- Born: October 6, 1898 Beaver Springs, Pennsylvania, United States
- Died: March 16, 1984 (aged 85) Kennett Square, Pennsylvania, United States
- Known for: NCAA champion, two-mile run (1921) 1924 Olympics (5,000 meters) and 1928 Olympics (10,000 meters) Spalding's All-American Athletic Team, Cross-Country (1921) USA indoor champion, two-mile run (1922) Explosives Expert with Atlas Chemical and Atlas Powder Co.

= John Romig =

American long-distance runner (1898–1984)

John Luther "Blondy" Romig (October 6, 1898 – March 16, 1984) was an American track and field athlete. He won collegiate championships in the two-mile race in 1921 and 1922, finished fourth in the 1924 Summer Olympics in the 5,000 meter race and competed in the 1928 Olympics in the 10,000 meters.

==Biography==

===Early years===
Romig was born in Beaver Springs, Pennsylvania in 1898.

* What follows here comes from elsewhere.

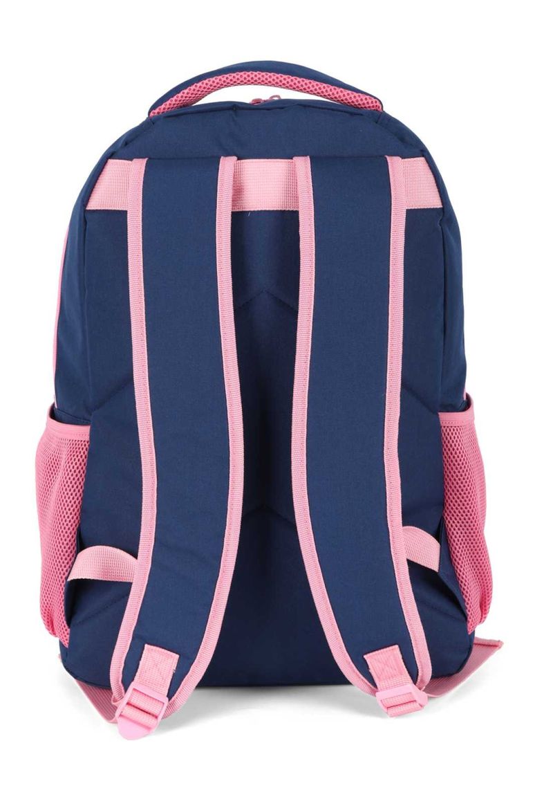 Em tamanho 16" ela é produzida em poliéster e seu painel frontal é em PVC cristal com personagens em relevo. Possui 2 bolsos laterais, compartimento amplo para armazenagem dos materiais e zíper com puxador personalizado. Alças acolchoadas e com ajuste para maior conforto.
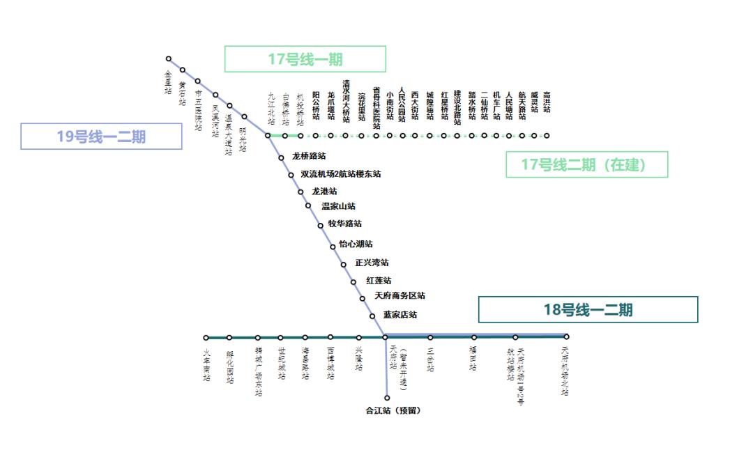 19号线二期作为市域快速轨道交通中联络天府新中心至双流、温江的城轨快线,19号线二期将于天府站过轨后与18号线共线运营,衔接双流国际机场和天府国际机场两个门户枢纽。

===Collegiate middle distance champion===
Romig enrolled at Penn State University where he became a star athlete in distance and cross-country running. He won the two-mile run at the first NCAA track and field championships in 1921 with a time of 9:31. He was Penn State's first NCAA track champion. Romig was also selected as the top cross-country runner for the All-American Athletic Team published in the annual Spalding's Official Athletic Almanac for 1921. In 1922, Romig won the USA Indoor Track & Field Championship in the two-mile race with a time of 9:21.2.

===Olympic competition===
In June 1924, Romig easily won the 5,000 meter race in the U.S. Olympic trials at Harvard Stadium in Cambridge, Massachusetts with a time of 15:15.7. Romig's victory was reported as follows:"The running of John Romig of Penn State in the 5,000 meters event which he won by ten yards, was a beautiful exhibition and raised hopes that Uncle Sam may figure better than anticipated in this race at Paris. Romig jumped into the lead at the fourth lap and held it to the finish."
Romig finished fourth in 5,000 meter race at the Olympic games in Paris with a time of 15:12.4. The "Flying Finns," Paavo Nurmi and Ville Ritola, took the gold and silver medals, and a Swede, Edvin Wide, finished ahead of Romig for the bronze medal, though Romig had beaten Wide in the semi-finals. The Associated Press reported on Romig's performance in Paris as follows: "America had some consolation when John Romig, former intercollegiate cross-country champion, beat out Sipila [Eino Seppälä] of Finland for Fourth place."

Romig continued to compete following the 1924 Olympics, moving up in distance to the 10,000 meter race. Competing for the Meadowbrook Club in Philadelphia, he finished second in the 10,000 meter race at the 1928 Amateur Athletic Union championship.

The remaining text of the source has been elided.